**Working data:**
----------------------------------------

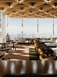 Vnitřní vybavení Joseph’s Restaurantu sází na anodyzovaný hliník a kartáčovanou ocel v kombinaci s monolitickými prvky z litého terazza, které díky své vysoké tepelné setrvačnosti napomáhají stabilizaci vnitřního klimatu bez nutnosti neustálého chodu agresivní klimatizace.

----------------------------------------

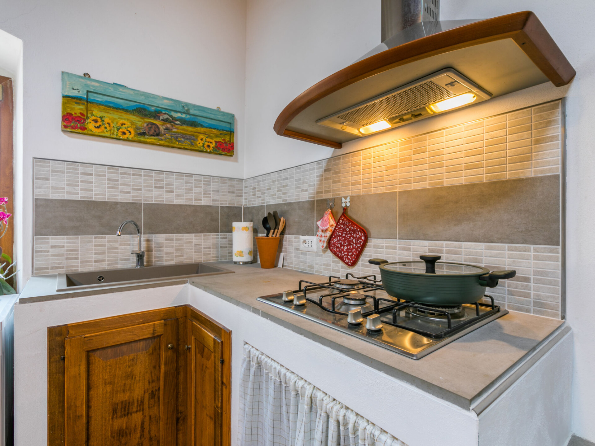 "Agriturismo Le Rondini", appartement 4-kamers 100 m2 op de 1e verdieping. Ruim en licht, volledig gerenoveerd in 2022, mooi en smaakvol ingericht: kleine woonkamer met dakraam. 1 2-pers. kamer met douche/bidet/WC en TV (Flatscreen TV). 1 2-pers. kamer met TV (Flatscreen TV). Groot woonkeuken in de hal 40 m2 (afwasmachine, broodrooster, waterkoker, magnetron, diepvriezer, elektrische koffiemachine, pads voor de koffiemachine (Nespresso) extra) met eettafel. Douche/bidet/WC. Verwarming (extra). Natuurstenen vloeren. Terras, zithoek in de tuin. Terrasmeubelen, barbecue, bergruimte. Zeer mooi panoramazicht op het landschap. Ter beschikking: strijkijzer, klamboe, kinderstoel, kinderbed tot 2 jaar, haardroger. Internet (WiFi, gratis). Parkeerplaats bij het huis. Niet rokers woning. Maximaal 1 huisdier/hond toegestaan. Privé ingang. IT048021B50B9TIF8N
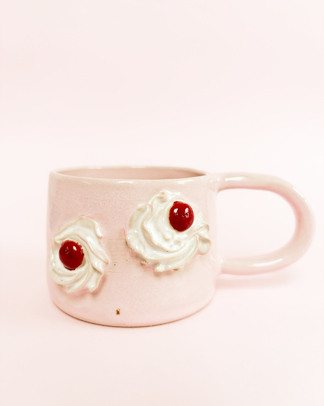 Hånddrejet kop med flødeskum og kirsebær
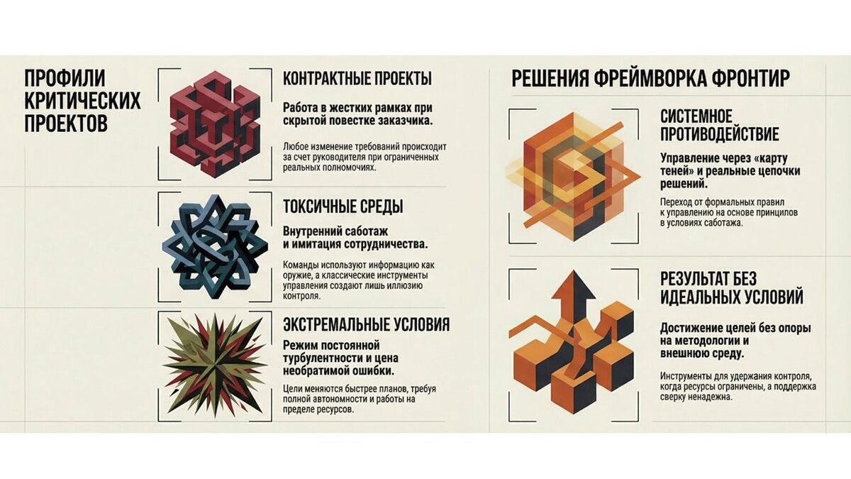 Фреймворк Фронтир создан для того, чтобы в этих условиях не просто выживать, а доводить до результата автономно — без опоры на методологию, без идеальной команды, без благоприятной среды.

----------------------------------------

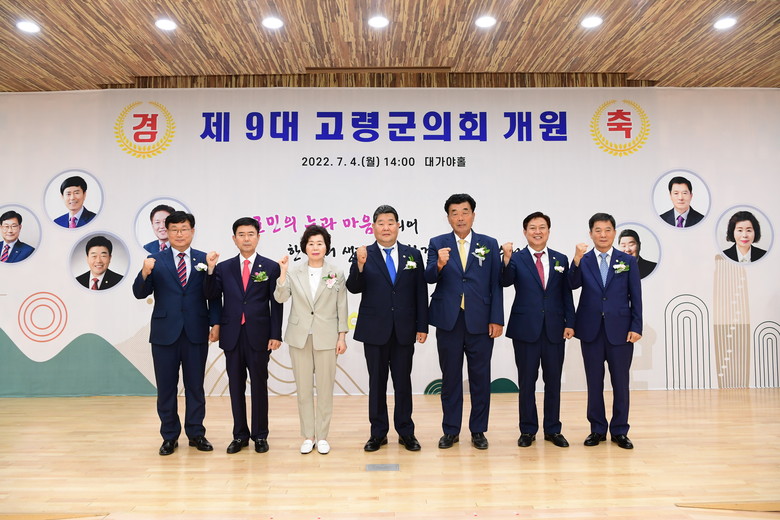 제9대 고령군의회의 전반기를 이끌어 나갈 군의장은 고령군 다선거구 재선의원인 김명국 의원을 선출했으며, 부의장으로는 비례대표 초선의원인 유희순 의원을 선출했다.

----------------------------------------

Nothing but the lines from the one containing "Hånddrejet kop med flødeskum og kirsebær" through the one containing "Фреймворк Фронтир создан" should appear, copied exactly from the material above and without pictures.

 Hånddrejet kop med flødeskum og kirsebær
 Фреймворк Фронтир создан для того, чтобы в этих условиях не просто выживать, а доводить до результата автономно — без опоры на методологию, без идеальной команды, без благоприятной среды.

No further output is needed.